The big-budget feature film version of LAND OF THE LOST turns out to be an amiable summer popcorn movie, enlivened with eye-popping production design, impressive make-up and special effects, enthusiastic performances, and a handful of good jokes. Unfortunately, the best moments are all on view in the various trailers and film clips available on the Internet, which makes the experience of watching the complete film somewhat disappointing. It’s not bad, but for a film that seems to have been constructed simply to string together a series of laugh-out-loud comedy set-pieces, the results are oddly muted, mostly mild chuckles dispersed at discrete intervals. Without a strong story to engage the audience, LAND OF THE LOST winds up feeling disjointed and episodic, but at least it is so eager to please that you wind up wanting to like it perhaps a bit more than you actually do.
The basic premise is ripe for classic comedy: Will Ferrell plays a discredited scientist who builds a machine that warps him into another dimension where past, present, and future co-exist, and faced with numerous dangers, he inevitably makes the wrong decision about everything. Chief among those dangers is Grumpy the Tyrannasaurus Rex with a brain the size of a walnut (but wait till you get a look at the size of walnuts in the Land of the Lost!j).
As long as LAND OF THE LOST sticks to Grumpy, Chaka the ape man, and so forth, it is reasonably amusing. It starts to go astray when a new plot element is introduced: it’s not enough that our characters want to get home; they have to save the universe from an evil villain. Ho-hum, where have we heard that before?
Occasionally, director Brad Silberling seems uncertain of what tone to strike. Although LAND OF THE LOST is marketed as a family film, there are a few slightly crude jokes (like having Chaka cop of feel of the leading lady’s breasts). And as if to convince us that this is not just a silly comedy, Silberling gratuitously tosses the severed arm of an ice cream vendor who pops into the Land of the Lost just long enough to be devoured by dinosaurs. If the intent was to convince us that the film’s jeopardy is realy, it fails, coming across like a bad joke.

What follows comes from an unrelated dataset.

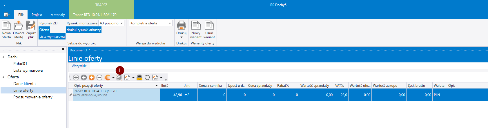 Na zakładce Linie oferty dla produktów z określonym schematem możemy wybrać ikonę (1) aby określić cechy

Ferrell is funny as the pathetic paleontologist. Also good is Danny McBride as someone accidentally roped into the time travel adventure, who offers his ordinary guy reactions to the scientist’s blase acceptance of wild and amazing sights around them. Anna Friel is mostly given the straight woman role (she is even reduced to damsel in distress at the end), while the guys get to do all the funny stuff. Leonard Nimoy provides the voice for one briefly seen Sleestak character.
Judging by the footage seen in trailers and clips that does not show up in the actual film, LAND OF THE LOST was shot with a free-wheeling, improvisatory style. No doubt, much of this footage will show up as deleted scenes on the DVD. Too bad with all that extra footage, the editor couldn’t come up with 100 great minutes for the theatrical version.
UPDATE: I just wanted to add that any film that not only contains the line “Matt Lauer can suck it” – but also makes Matt Lauer himself say it on screen – deserves at least some small measure of appreciation.

Grumpy the T-Rex reaches for some snack food.
Grumpy the T-Rex reaches for some snack food.

LAND OF THE LOST (2009). Directed by Brad Silberling. Screenplay by Chris Henchy & Dennis McNicholas, based on the Land of the Losttelevision series by Sid & Marty Krofft. Producers: Jimmy Miller, Sid & Marty Krofft. Executive Producers: Julie Wixson-Darmody, Daniel Lupi, Adam McKay, Brad Silberling. Cast: Will Ferrell, Danny McBride, Anna Friel, Jorma Taccone.